Nevertheless, the Georgia Supreme Court has found unacceptable the “extensive and largely unexplained delays between Appellant’s sentencing in June 1998 and her appeal arriving at this Court 19 years later, in July 2017.” The Court notes in its opinion that the maximum sentence for voluntary manslaughter is 20 years in prison, and there is no mandatory minimum prison sentence for that crime. Therefore, even with the consecutive five-year sentence Owens received on the firearm count, “on remand the trial court would be entitled to impose a sentence many years shorter than the time she has already spent in prison.

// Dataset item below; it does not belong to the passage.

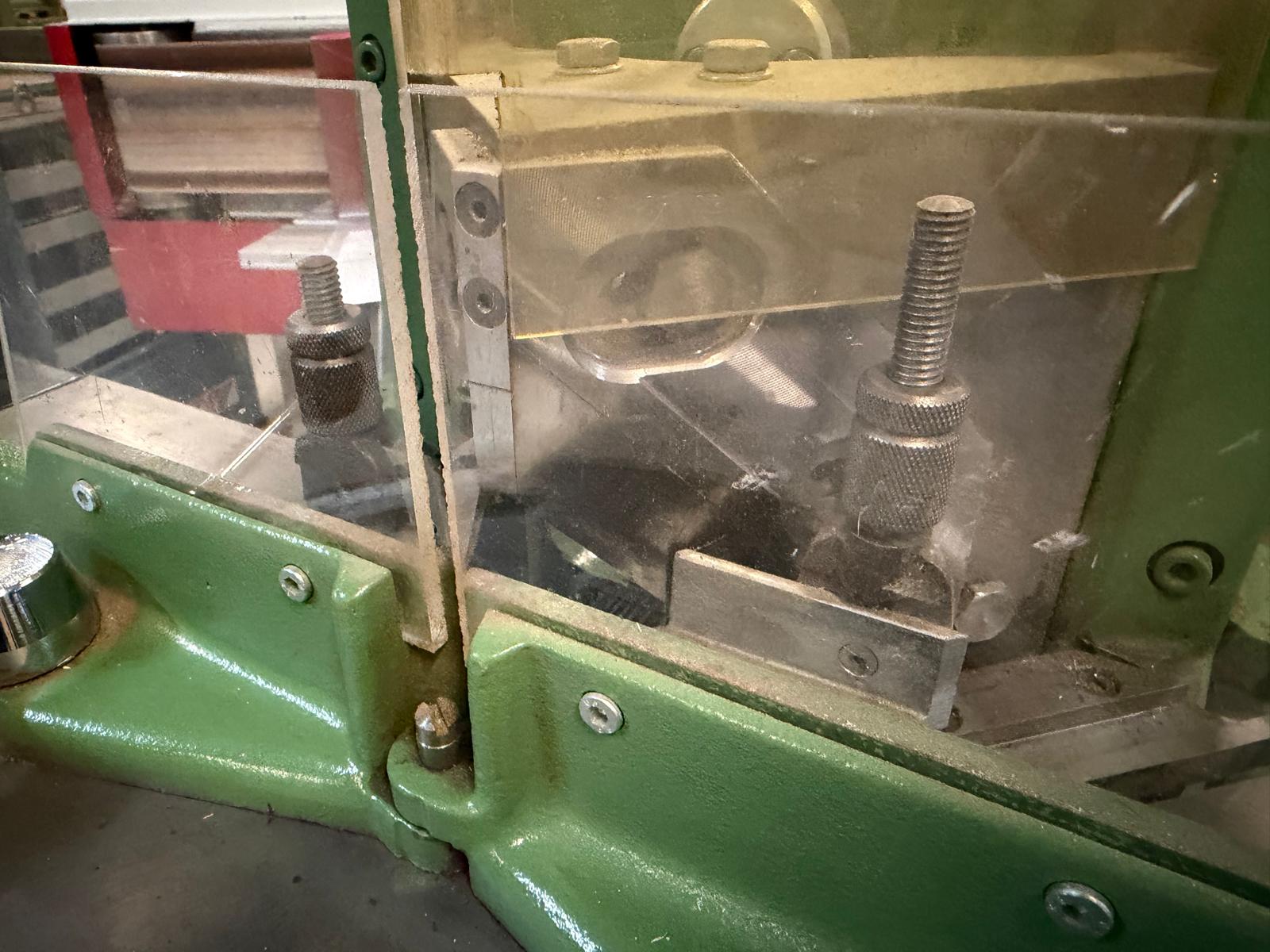 - Feststellschraube und Anschlag für den Schienenschnitt

Indeed, had the parties identified and agreed on the court’s obvious sentencing error not on appeal but at the motion for new trial stage, the court might well have corrected the error then, rather than having to do so more than 11 years later.”

The opinion goes on to recount other cases in which there have been inordinate delays. In one, the Court noted in 2012 that, “This Court is unfortunately seeing such extraordinary post-conviction, pre-appeal delays with greater frequency,” and it issued an admonition, reiterating that it is the duty of all those in the criminal justice system “to ensure that the appropriate post-conviction motions are filed, litigated, and decided without unnecessary delay.”

After repeating the admonishment in many other cases in the past six years, with today’s opinion, “this Court now moves from request to direction.”

“No later than September 17, 2018, the Council of Superior Court Judges of Georgia shall submit to this Court for approval a proposed Uniform Rule of Superior Court designed to address this problem,” today’s opinion says. The opinion instructs the Council to consult with a number of organizations that represent prosecutors, criminal defense lawyers, and court clerks in constructing the rule. To ensure that all those involved in the criminal justice system “understand this Court’s concern about this problem,” the Georgia Supreme Court will deliver a copy of this opinion to the Council of Superior Court Judges and other organizations “with the expectation that they will promptly provide a copy to each of their members.”

“Some delay is inherent in any legal system, particularly one as busy as Georgia’s,” the opinion concludes. “But we must all work to prevent delays, particularly in the most serious of our criminal cases, that cannot be explained or justified to the parties in those cases, the victims of crimes, and the public we serve.”